Extracted material:
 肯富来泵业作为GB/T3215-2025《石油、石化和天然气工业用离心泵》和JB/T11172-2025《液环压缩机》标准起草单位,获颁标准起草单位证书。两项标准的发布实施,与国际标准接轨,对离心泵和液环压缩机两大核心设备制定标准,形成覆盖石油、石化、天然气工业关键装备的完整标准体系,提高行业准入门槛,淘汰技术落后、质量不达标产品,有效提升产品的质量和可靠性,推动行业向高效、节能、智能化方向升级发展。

* * *

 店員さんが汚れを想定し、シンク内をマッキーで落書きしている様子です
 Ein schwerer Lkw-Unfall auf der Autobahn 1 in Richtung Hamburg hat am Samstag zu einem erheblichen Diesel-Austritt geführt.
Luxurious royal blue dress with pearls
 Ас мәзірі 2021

* * *

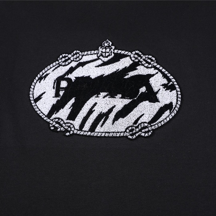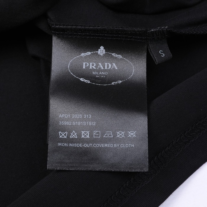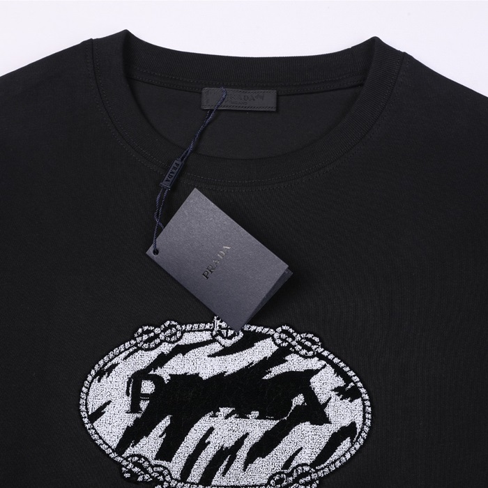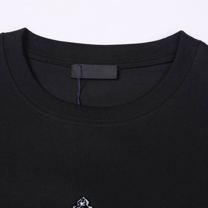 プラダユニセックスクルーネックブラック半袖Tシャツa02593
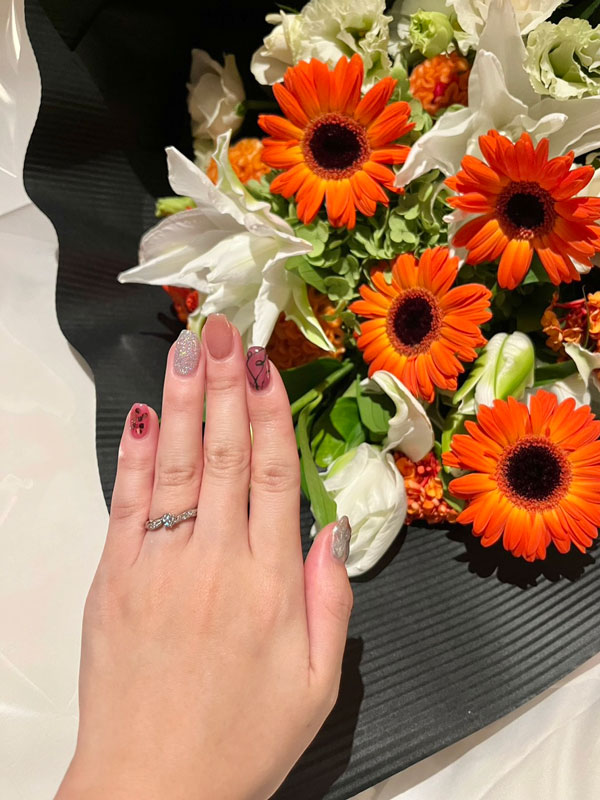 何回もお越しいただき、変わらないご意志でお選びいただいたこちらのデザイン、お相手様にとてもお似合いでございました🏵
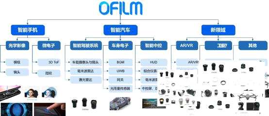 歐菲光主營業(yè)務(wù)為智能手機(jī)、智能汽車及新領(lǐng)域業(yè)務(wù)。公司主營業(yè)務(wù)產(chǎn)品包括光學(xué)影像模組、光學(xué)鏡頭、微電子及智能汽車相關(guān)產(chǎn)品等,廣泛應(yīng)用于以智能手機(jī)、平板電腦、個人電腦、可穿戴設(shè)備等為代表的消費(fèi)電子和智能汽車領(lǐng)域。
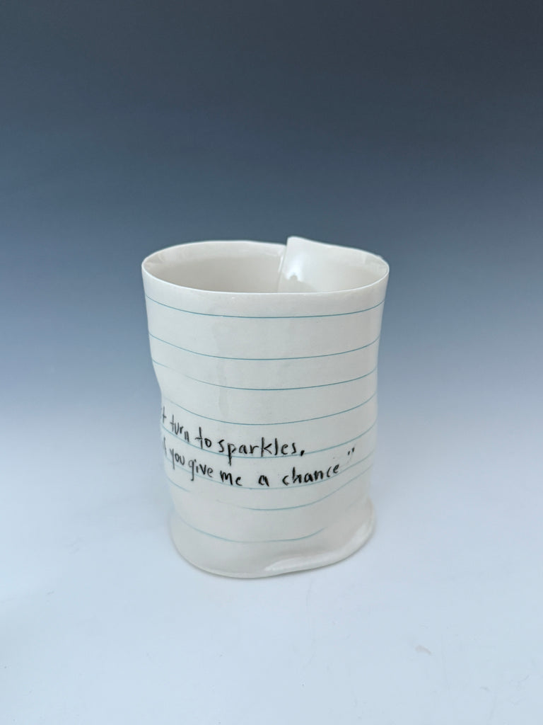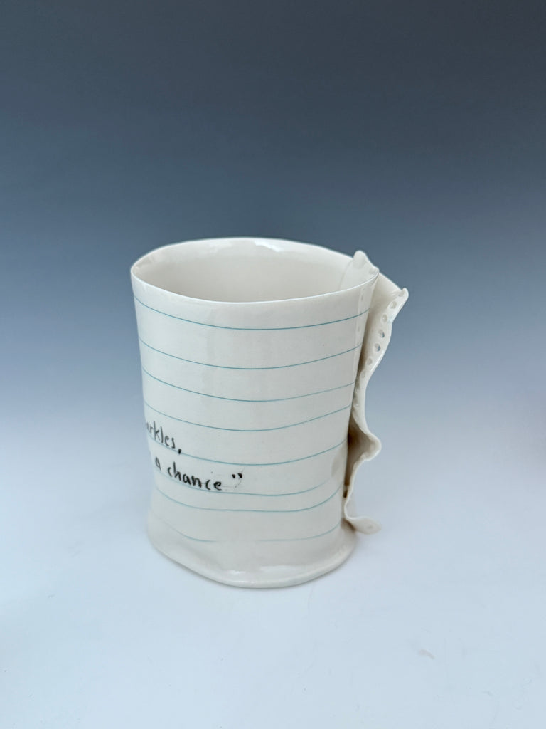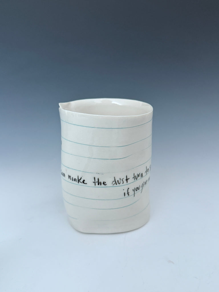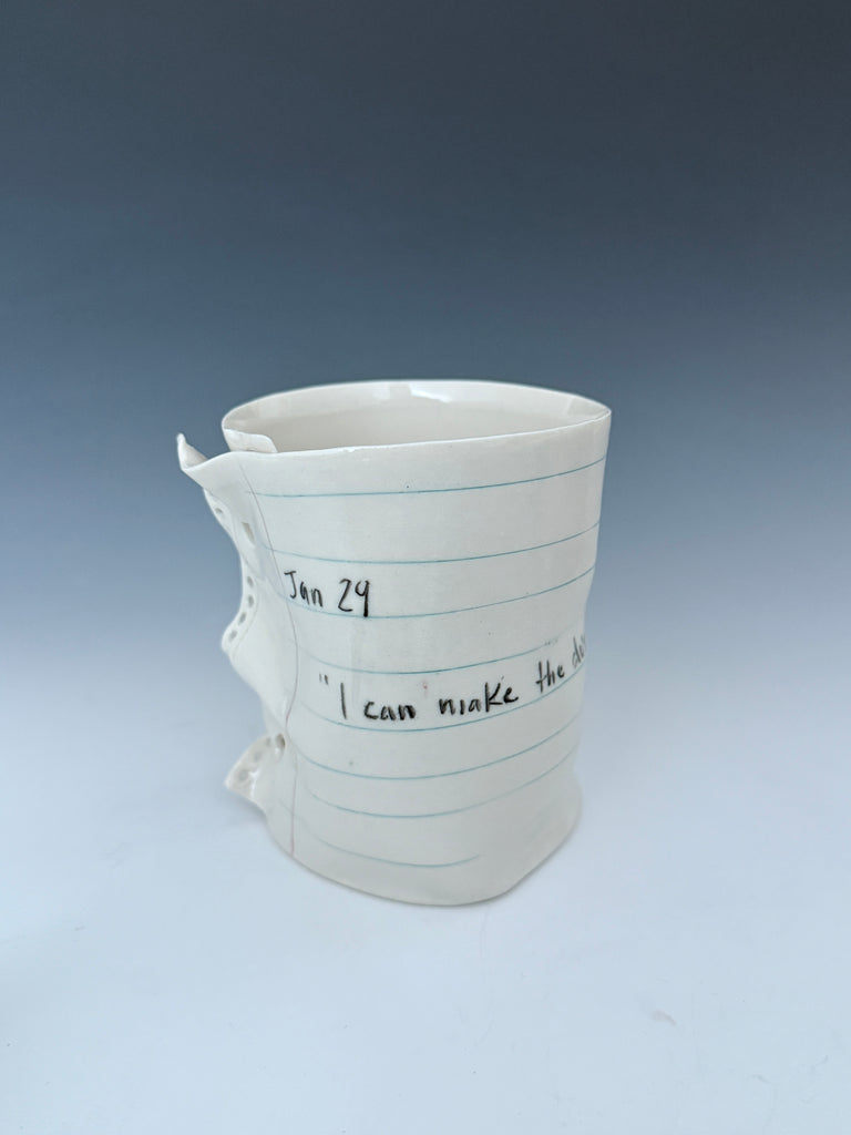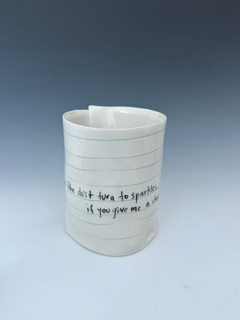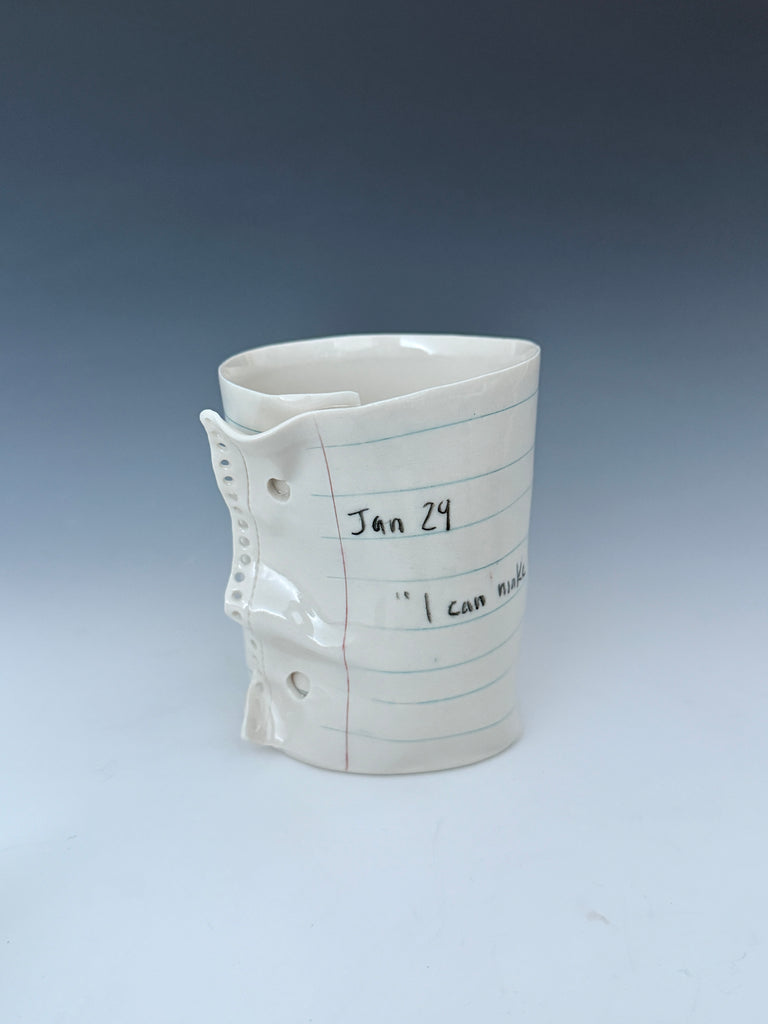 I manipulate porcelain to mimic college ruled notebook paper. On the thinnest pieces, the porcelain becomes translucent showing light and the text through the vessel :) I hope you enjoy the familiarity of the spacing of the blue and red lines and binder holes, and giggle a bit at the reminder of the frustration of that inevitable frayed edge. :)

Exercise goal: A word-for-word reproduction is needed of the lines above from the line containing "何回もお越しいただき、変わら" through the line containing "歐菲光主營業(yè)務(wù", with both ends kept and no pictures.

Reply:
 何回もお越しいただき、変わらないご意志でお選びいただいたこちらのデザイン、お相手様にとてもお似合いでございました🏵
 歐菲光主營業(yè)務(wù)為智能手機(jī)、智能汽車及新領(lǐng)域業(yè)務(wù)。公司主營業(yè)務(wù)產(chǎn)品包括光學(xué)影像模組、光學(xué)鏡頭、微電子及智能汽車相關(guān)產(chǎn)品等,廣泛應(yīng)用于以智能手機(jī)、平板電腦、個人電腦、可穿戴設(shè)備等為代表的消費(fèi)電子和智能汽車領(lǐng)域。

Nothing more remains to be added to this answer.